Ils affirment d’abord que le procès sénatorial est inconstitutionnel et que les déclarations (mensongères) de Trump sur le résultat des élections sont protégées par l’amendement de la constitution américaine sur la liberté d’expression. 

Ils soutiennent également que ses paroles ne sont pas à l’origine de l’émeute meurtrière au Capitole.

Le premier groupe d’avocats de Trump a démissionné parce qu’ils n’étaient pas disposés à réciter le mensonge de la fraude électorale. Sa nouvelle équipe le fait, mais très indirectement en invoquant la liberté d’expression. Tout avocat qui soutiendrait l’histoire de fraude électorale de Trump devant le Congrès risquerait la radiation du barreau.

Ça risque de se transformer en cirque

Ses nouveaux avocats, David Schoen et Bruce Castor ne sont pas des spécialistes du droit constitutionnel. Mais ça n’a pas d’importance. Le procès n’a pratiquement aucune chance de se terminer par une condamnation. 

Une chose est certaine cependant, les procédures au Sénat risquent de se transformer en cirque et perturber le retour à la normale de la vie politique à Washington.

Les démocrates ont l’intention de montrer des vidéos de l’insurrection où des participants utilisent les mêmes mots que Trump dans son discours qui a précédé les troubles. 

L’équipe de Trump va contrer en appelant des témoins qui montreront que la prise d’assaut du Capitole a été planifiée et coordonnée à l’avance à son insu. Ce qui va enrager encore plus ses partisans qui reprochent à Trump de les avoir laissés tomber après les avoir incités à interrompre la session du Congrès qui avalisait l’élection de Biden.

Le précédent du Ku Klux Klan

Pour appuyer leur affirmation que le langage de Trump ne constituait pas une incitation à la violence, ses avocats auraient l’intention de citer un jugement historique de la Cour suprême des États-Unis concernant une poursuite contre un dirigeant du Ku Klux Klan pour un discours prônant la violence contre les Noirs et les Juifs. 
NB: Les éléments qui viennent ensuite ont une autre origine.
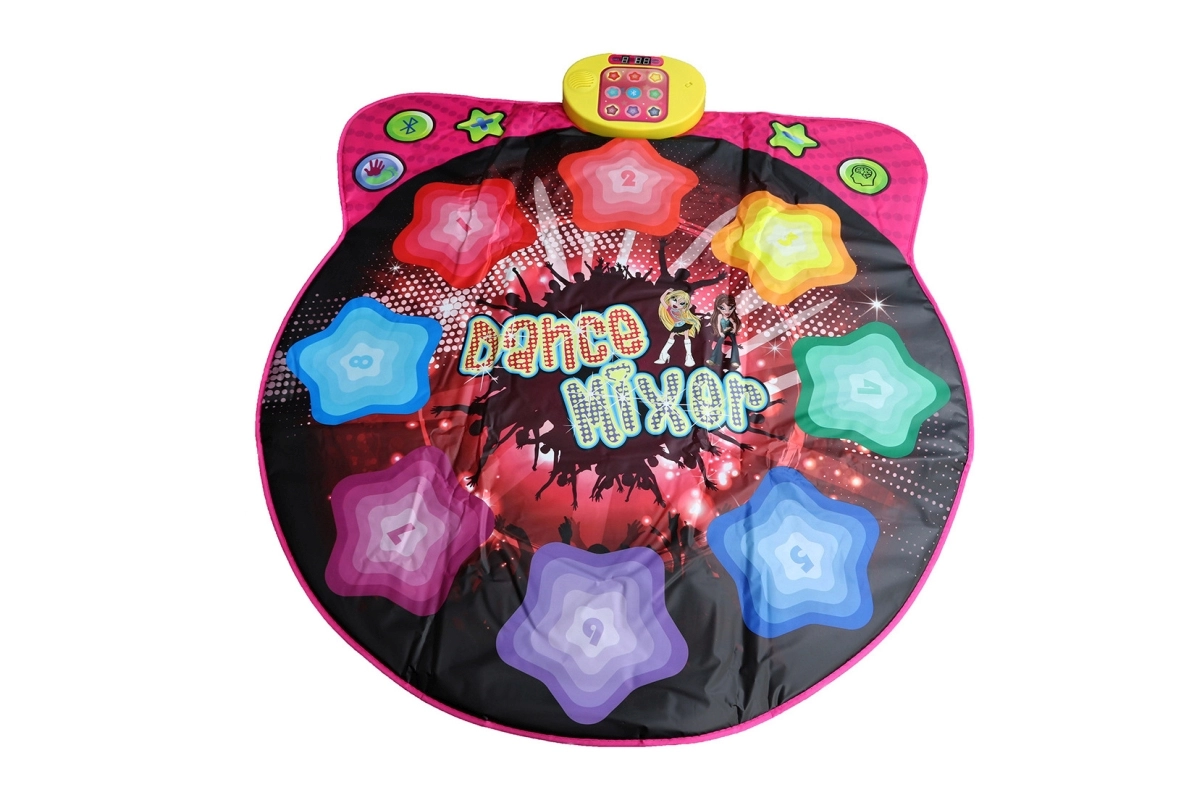 Denne interaktive dansemåtte forvandler ethvert børneværelse til en lille dansescene. Med Bluetooth kan du nemt afspille yndlingssange fra telefon eller tablet, og børnene kan danse i takt på de 8 følsomme dansekontakter. Betjeningen er enkel, med ikoner for dansemodus, Bluetooth og lydstyrke.
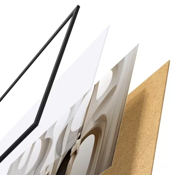 De poster bestaat uit een frame, plexiglas, geprinte afbeelding en spaanplaat achterkant. De poster kan meteen aan de muur worden gehangen dankzij de bevestigingen op de achterkant.
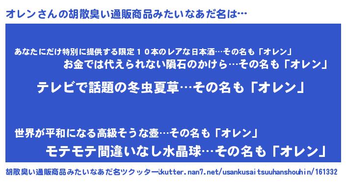 | 意味不明あだ名 | 『自称オレン』『つくし科オレン属』 |
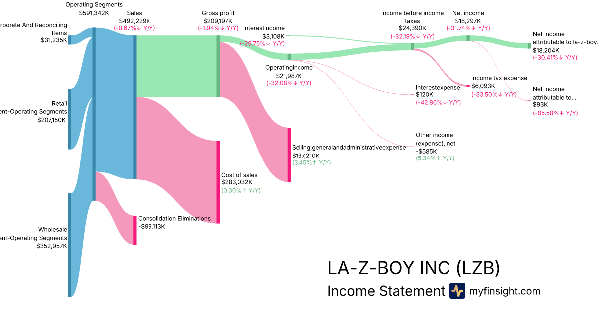 | Net income attributable to la-z-boy incorporated | 18,204 | 28,429 | 30,037 | 26,159 |

Dans cette décision de 1969, la Haute Cour a statué que le discours, même s’il préconisait une conduite illégale, était protégé par le premier amendement de la constitution.

Il faut souligner que les deux avocats de Trump ne sont pas étrangers aux litiges juridiques controversés où des personnalités criminelles de haut niveau sont impliquées. 

Bruce Castor a fait la une des journaux après avoir refusé de poursuivre le comédien Bill Cosby pour des allégations d’agression sexuelle pour lesquelles il a finalement été condamné à une peine de prison. 

David Schoen a représenté l’homme de main de Trump, Roger Stone, condamné pour avoir menti sous serment dans l’enquête sur l’ingérence russe dans les élections de 2016. Trump lui a par la suite pardonné. 

Le magnat de la finance Jeffrey Epstein accusé d’avoir abusé sexuellement de dizaines d’adolescentes avait également retenu les services de Schoen lorsqu’il s’est suicidé en prison.